MaxwellBuchanan, Feb 10 2019

       The laser would present some of the current problems of the static wire - accumulation of melted foam or its conversion into black blobs; difficulty in pacing speed of feeding foam through the blade. I believe with a moving wire, there would be much greater control possible. A laser would also be silent. There is a certain amount of haptic satisfaction in the sound of a moving blade slicing through any material.
xenzag, Feb 11 2019

       Yes, but...lasers!
MaxwellBuchanan, Feb 11 2019

       Lasers can also cause foam to catch fire. That's how we got the [linked] laser cutter: the owner was cutting some foam, went to the bathroom, and came back to tall flames coming from it. (That's why it has scorch marks on the front of the lid.) He bought a new one because he was using it for business, and gave us the old one to fix in exchange for some web design that I don't think ever got done. Anyway, we have a rule that you have to keep a close eye on it, especially when cutting foam. As long as you do keep a close eye on it, laser cutting of some foams works pretty well. But we also have some hot-wire foam cutters, because there are some tasks a laser cutter isn't good for. A hot-wire bandsaw would be a good addition, I think.
notexactly, Feb 11 2019

       Yes, but... lasers!
MaxwellBuchanan, Feb 11 2019

       {snaps fingers in front of [MaxwellBuchanan]'s glazed eyes}
pertinax, Feb 11 2019

       Water jet?
RayfordSteele, Feb 12 2019

       Actual band saw? It's only foam, you could get away with a coping-saw thin blade.
bs0u0155, Feb 12 2019

       If that was totally true then the hot wire foam cutters wouldn't exist.
xenzag, Feb 12 2019

       //If that was totally true then the hot wire foam cutters wouldn't exist//   

       I think the reason they exist is simplicity. An old guitar string a car battery and a simple wooden frame, you're off to the races.   
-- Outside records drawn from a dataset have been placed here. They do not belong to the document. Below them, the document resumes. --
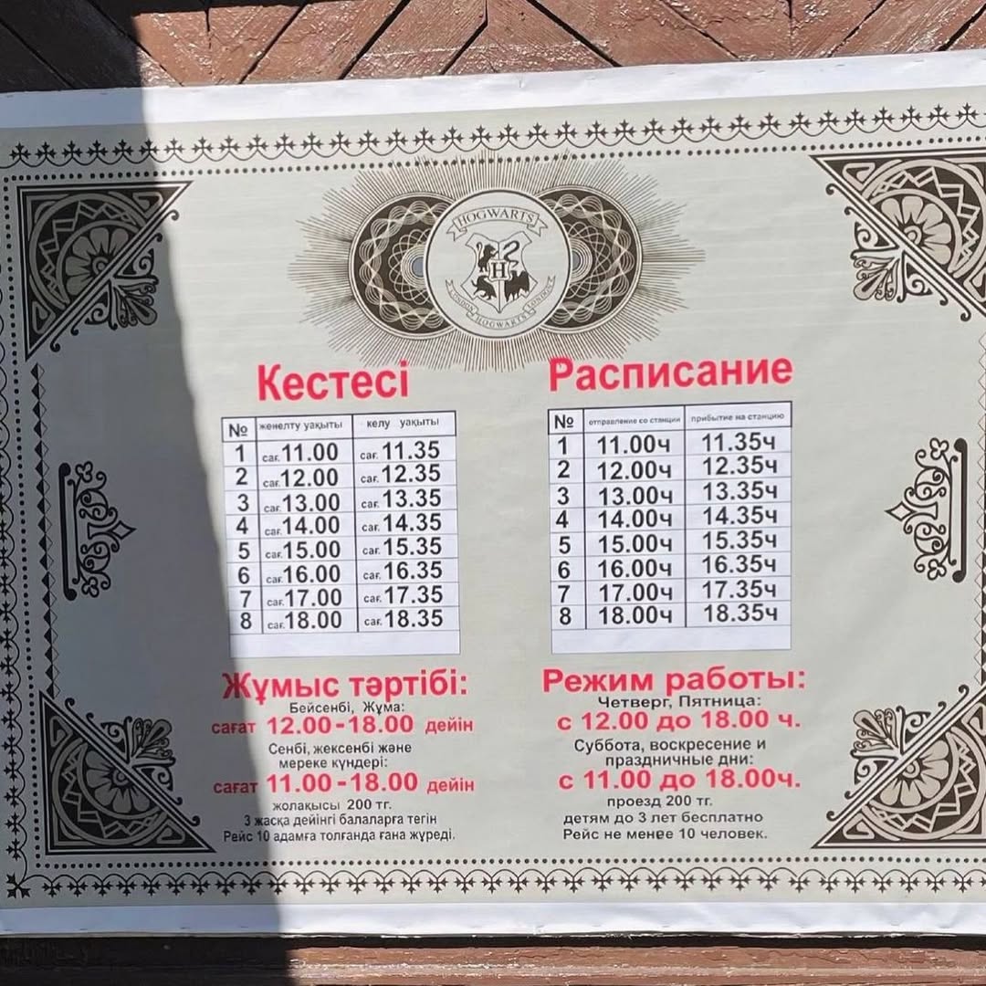 Как сообщили в городском управлении парками культуры и отдыха, экспресс «Хогвартс» отправится в путь с платформы 9 ¾. В этом году стоимость проезда не изменится. Для детей до трех лет бесплатно, для остальных пассажиров — 200 тенге.
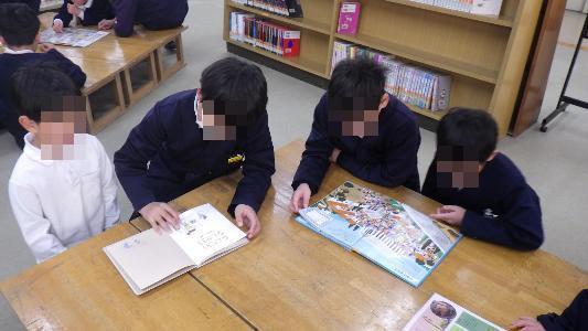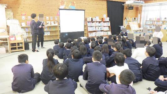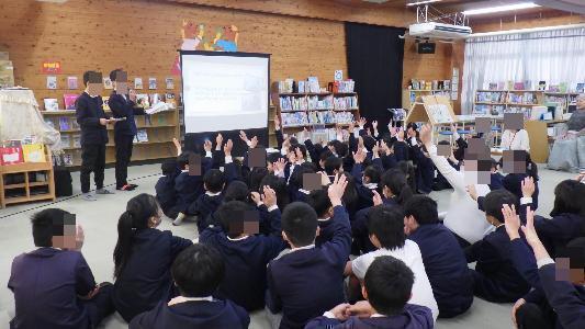 先日、1年生・幼稚園の子たちと交流読書をしました。図書ボランティアの方をお招きし、読み聞かせをしてもらいました。楽しい絵本を読んでいただいた後は、物語の内容に関するクイズに挑戦しました。1年生や幼稚園の子も、6年生も、多くの子どもたちが手を挙げて積極的に答え、大いに盛り上がりました。
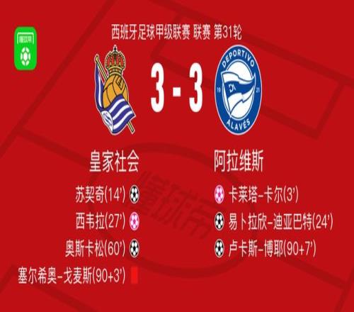 北京時(shí)間4月11日西班牙足球甲級聯(lián)賽 聯(lián)賽 第31輪,皇家社會主場對陣阿拉維斯?;始疑鐣K契奇破門,奧斯卡松破門,卡萊塔-卡爾自擺烏龍。阿拉維斯易卜拉欣-迪亞巴特破門,盧卡斯-博耶破門,西韋拉自擺烏龍。最終比分皇家社會 3-3 阿拉維斯。
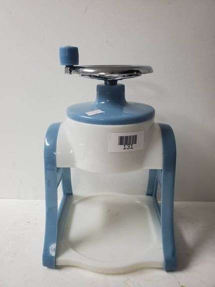 LOT 131 - Pampered Chef Blue and White Hand-Crank Pampered Chef Ice Shaver / Snow Cone Maker
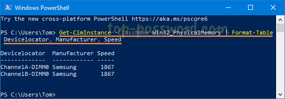 Get-CimInstance -ClassName Win32_PhysicalMemory | Format-Table Devicelocator, Manufacturer, Speed
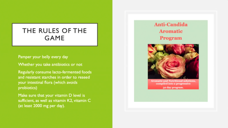 不論是否使用抗生素,維持腸道健康都是預防感染與增強免疫力的核心。她建議每天都要好好「照顧你的肚子」,透過發酵食物、抗性澱粉來滋養腸道菌相,同時注重維生素 D、K2 與高劑量維生素 C,以支持免疫系統運作。若腸道菌相健全,身體能更快恢復,也更能抵抗念珠菌等問題。她也分享一個 30 天的精油與營養整合方案,讓身體能在日常中逐步重建健康。核心概念是:把腸道放在優先位置,免疫力自然變強,而不必等到生病才開始補救。
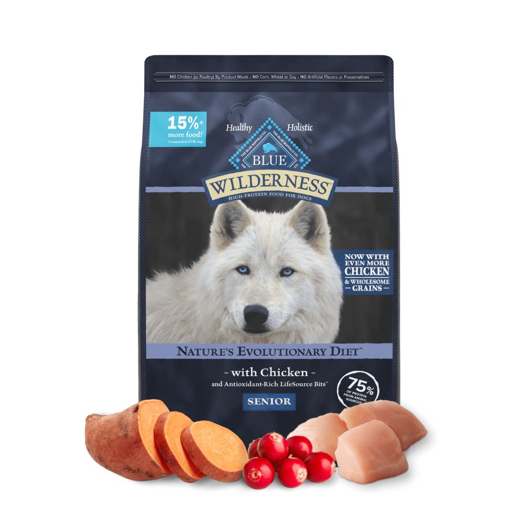 Satisfy the spirit of the wolf with meat-rich BLUE Wilderness. This high-protein recipe contains more of the delicious deboned chicken your senior dog loves, with wholesome grains like oats, barley, and brown rice, plus glucosamine and chondroitin to support joint health and mobility.

       I'm actually pretty impressed with some of the shapes and profiles that can be cut with simple equipment <link>. I thought the heat might be a neat way of improving the surface finish, but reading around suggests that it isn't. The surface is pretty nasty.   

       Maybe a moving "blade" made of say carbon fiber tow optimized to pick up acetone solvent. That way it could melt its way through leaving a nice sealed surface. Then follow the solvent cutter with a hot wire to rapidly flash off the acetone to limit off-target melting. You'd pick a temperature above the boiling point of acetone, but below the foam, that's a nice wide window.